=== What you need to do ===
Please output the listing exactly as it stands, but omit any images.
━━━━━ Data excerpt ━━━━━
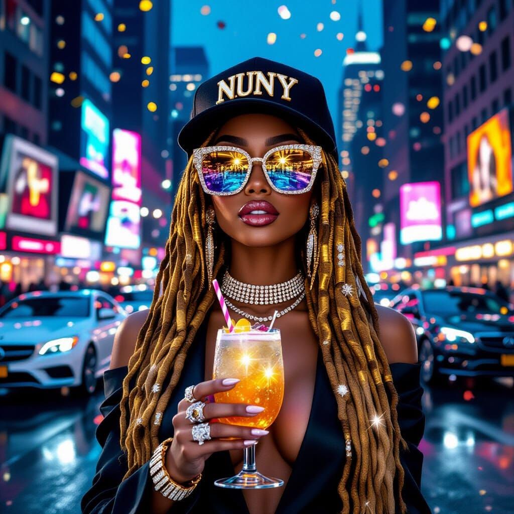 This hyper-realistic image features a stylish African American woman with golden dreadlocks holding a sparkling New Year's Eve cocktail amidst a vibrant NYC skyline. Luxury cars and festive lights enhance the celebratory atmosphere.
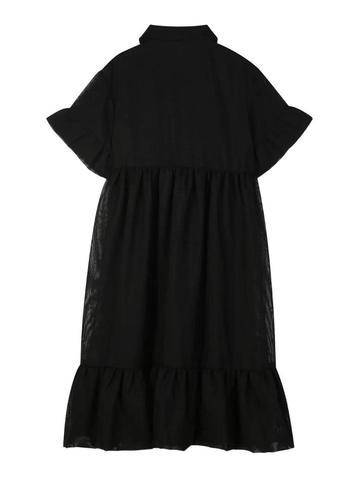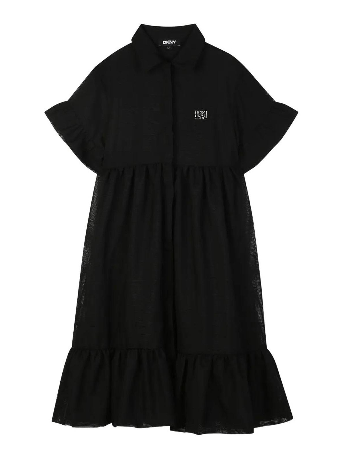 Dress with black logo, front buttoning, short sleeves with logo, ruffled hem
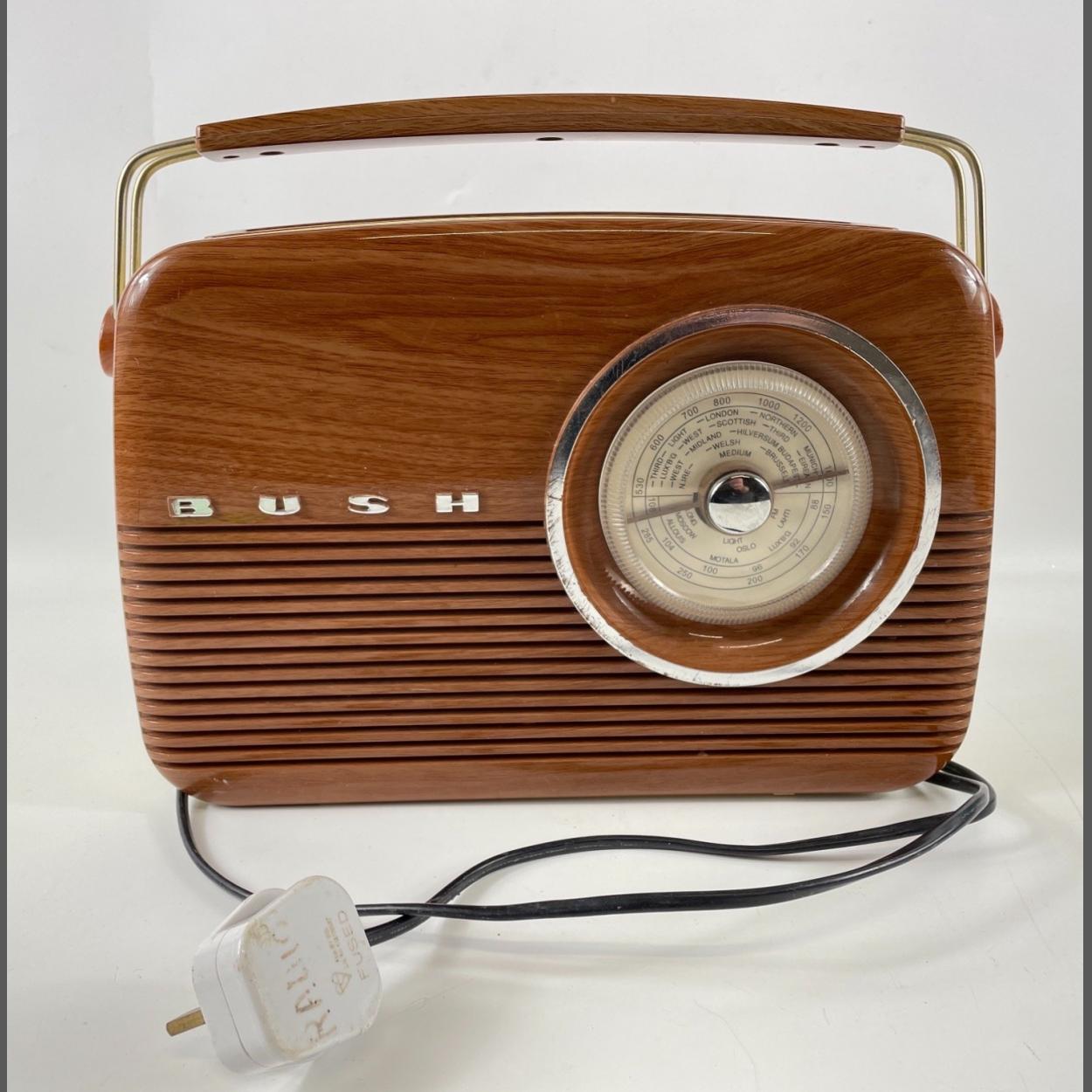 A retro BUSH TR82/A three band radio in wood effect and beige suitable for spares and repairs - aerial missing
━━━━━
=== Answer section ===
 This hyper-realistic image features a stylish African American woman with golden dreadlocks holding a sparkling New Year's Eve cocktail amidst a vibrant NYC skyline. Luxury cars and festive lights enhance the celebratory atmosphere.
 Dress with black logo, front buttoning, short sleeves with logo, ruffled hem
 A retro BUSH TR82/A three band radio in wood effect and beige suitable for spares and repairs - aerial missing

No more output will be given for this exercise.